Op de ontbinding van een huurovereenkomst is het regime van het algemene verbintenissenrecht en het stelsel van artikel 6:265 BW van toepassing. Ingevolge artikel 6:265 lid 1 BW geeft iedere tekortkoming van een partij in de nakoming van een van haar verbintenissen aan de wederpartij de bevoegdheid om de overeenkomst geheel of gedeeltelijk te ontbinden, tenzij de tekortschietende partij aantoont dat de tekortkoming, gezien haar bijzondere aard of geringe betekenis, deze ontbinding met haar gevolgen niet rechtvaardigt of een geslaagd beroep doet op de beperkende werking van de redelijkheid en billijkheid. In de onderhavige zaak is het derhalve allereerst van belang om vast te stellen of [rechthebbende] tekort is geschoten in de nakoming van zijn verplichtingen voortvloeiend uit de huurovereenkomst.

5.2

Ten aanzien van de door Woonstad gestelde huurachterstand heeft [gedaagde] aangevoerd dat er op enig moment wel een huurachterstand is ontstaan, maar dat met betrekking daarop inmiddels een betalingsregeling is getroffen. Tijdens de comparitie van partijen heeft Woonstad verklaard dat er inderdaad een regeling is getroffen in het kader van de huurachterstand en dat die regeling door [rechthebbende] wordt nagekomen. Het gevorderde bedrag aan huurachterstand is derhalve thans niet opeisbaar en kan dan ook geen deugdelijke grond zijn voor de gevorderde ontbinding en ontruiming.

5.3

Woonstad legt verder aan haar vordering ten grondslag dat [rechthebbende] , in strijd met hetgeen expliciet in artikel 6.1 van de toepasselijke algemene voorwaarden is bepaald, niet zijn hoofdverblijf in het gehuurde heeft. Ter onderbouwing van die stelling heeft Woonstad aangevoerd dat tijdens de rondgang in de woning op 16 februari 2016 door haar medewerker en [G.] , geen persoonlijke spullen van [rechthebbende] zijn aangetroffen zoals bijvoorbeeld post, kleding en/of medicijnen. Daartegen heeft [gedaagde] niets anders ingebracht dan zijn algemene verweer dat ‘alles wat Woonstad aanvoert niet juist is’. Het had echter op zijn weg gelegen om deze constatering van Woonstad gemotiveerd te weerspreken, omdat het ontbreken van enige persoonlijke bezittingen van de huurder in een woning het vermoeden oplevert dat de huurder zijn hoofdverblijf niet in het gehuurde heeft. Dat vermoeden wordt in het onderhavige geval versterkt door het volgende.

5.4

Woonstad heeft bij dagvaarding drie verklaringen in het geding gebracht. Uit twee anonieme verklaringen van omwonenden van het gehuurde (getuigen 1 en 2) kan worden opgemaakt dat [rechthebbende] het gehuurde niet zelf bewoont. Een derde persoon (getuige 3), de buur van de woning van de vrouw/vriendin van [rechthebbende] aan de [straat- en plaatsnaam 2] , verklaart dat [rechthebbende] al zeker twee jaar naast haar/hem woont, met een vrouw en twee jonge kinderen.

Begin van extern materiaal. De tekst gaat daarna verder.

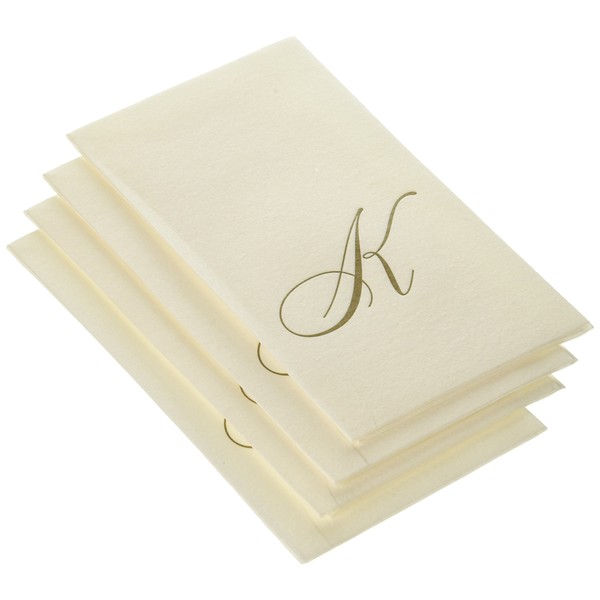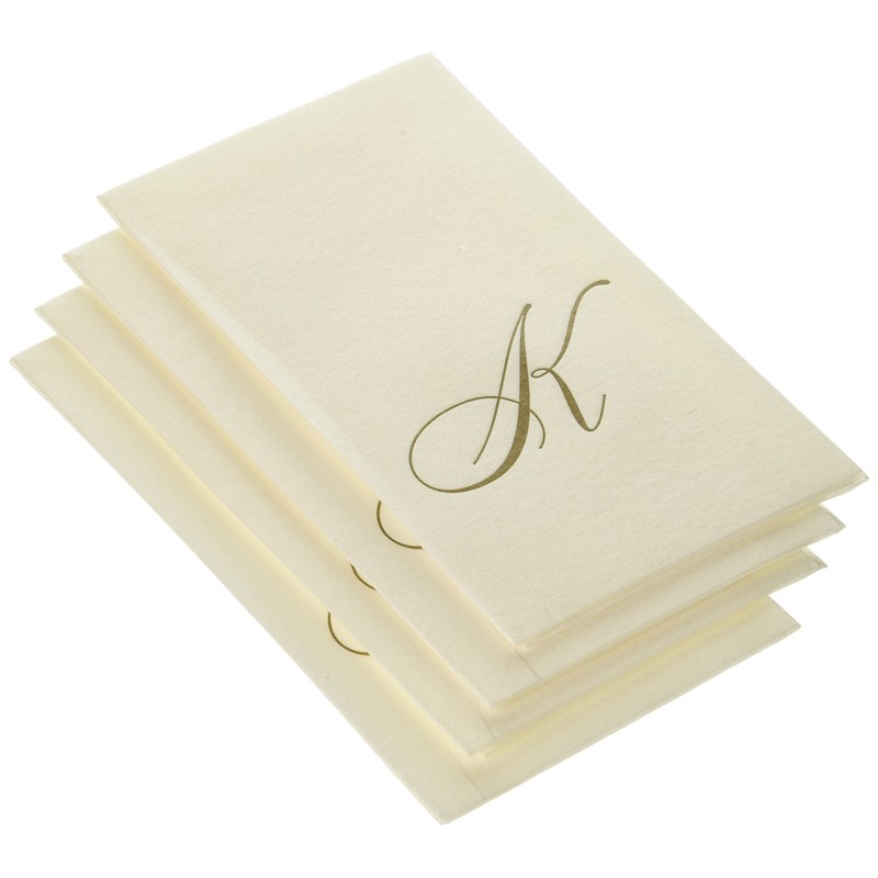 Entertaining with Caspari White Pearl Paper Linen Guest Towels, Monogram Initial K, 24-Pack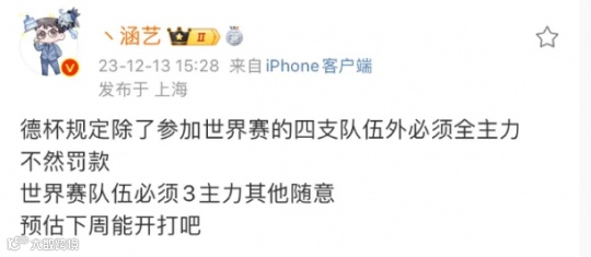 作为休赛期联盟最大的消息来源,前V5教练涵艺爆料了一些关于本届德杯的细节——除参加世界赛的四支队伍外,必须全主力上场;世界赛队伍也必须保证三名主力选手登场,预计下周就会开赛。

Deze drie verklaringen bevestigen het beeld dat [rechthebbende] zijn intrek heeft genomen bij zijn vrouw/vriendin en kinderen in de woning aan de [straat- en plaatsnaam 2] . [gedaagde] brengt daar verklaringen tegenin van een buurvrouw van het gehuurde (zij woont aan de [woning naast woning straat- en plaatsnaam 1] ) en de buur van de woning van de vriendin van [rechthebbende] (in de [straat- en plaatsnaam 2] ), waarin zij hun eerdere verklaringen intrekken. Beoordeeld moet worden welke bewijskracht aan de door partijen overgelegde stukken toekomt.

5.5

Op grond van de door Woonstad overgelegde stukken, waaronder het rapport van Adviesbureau [A.] , in samenhang bezien met de overgelegde getuigenverklaringen, komt naar het oordeel van de kantonrechter voldoende vast te staan dat [rechthebbende] gedurende geruime tijd zijn hoofdverblijf niet in het gehuurde had. Getuigen 1 en 2 hebben onafhankelijk van elkaar, beiden een controleerbare en met overige feiten corresponderende, geloofwaardige verklaring afgelegd. Getuige 1 verklaart immers dat de politie in verband met prostitutie en mensenhandel een inval heeft gedaan, wat feitelijk juist is. Ook ten aanzien van de etnische achtergrond en gezinssamenstelling klopt de verklaring. De getuige verklaart voorts dat de huurder daar al drie jaar niet meer woont en alleen af en toe zijn post komt halen. Getuige 2 verklaart eveneens dat [rechthebbende] , die zij herkent van een legitimatiebewijs, al sinds de zomer van 2013 niet meer op dat adres woont. Deze getuige spreekt over Bulgaren en over mensen met een auto met een Spaans kenteken. Dat er een auto met Spaans kenteken vlakbij geparkeerd stond, blijkt uit het rapport van [A.] .

Kortom, beide verklaringen zijn plausibel, consistent en bevestigen de bevindingen van anderen. De verklaring van getuige 3 sluit daarop aan. Zij verklaart dat [rechthebbende] , die zij herkent van een getoond paspoort, naast haar woont samen met zijn vrouw en kinderen.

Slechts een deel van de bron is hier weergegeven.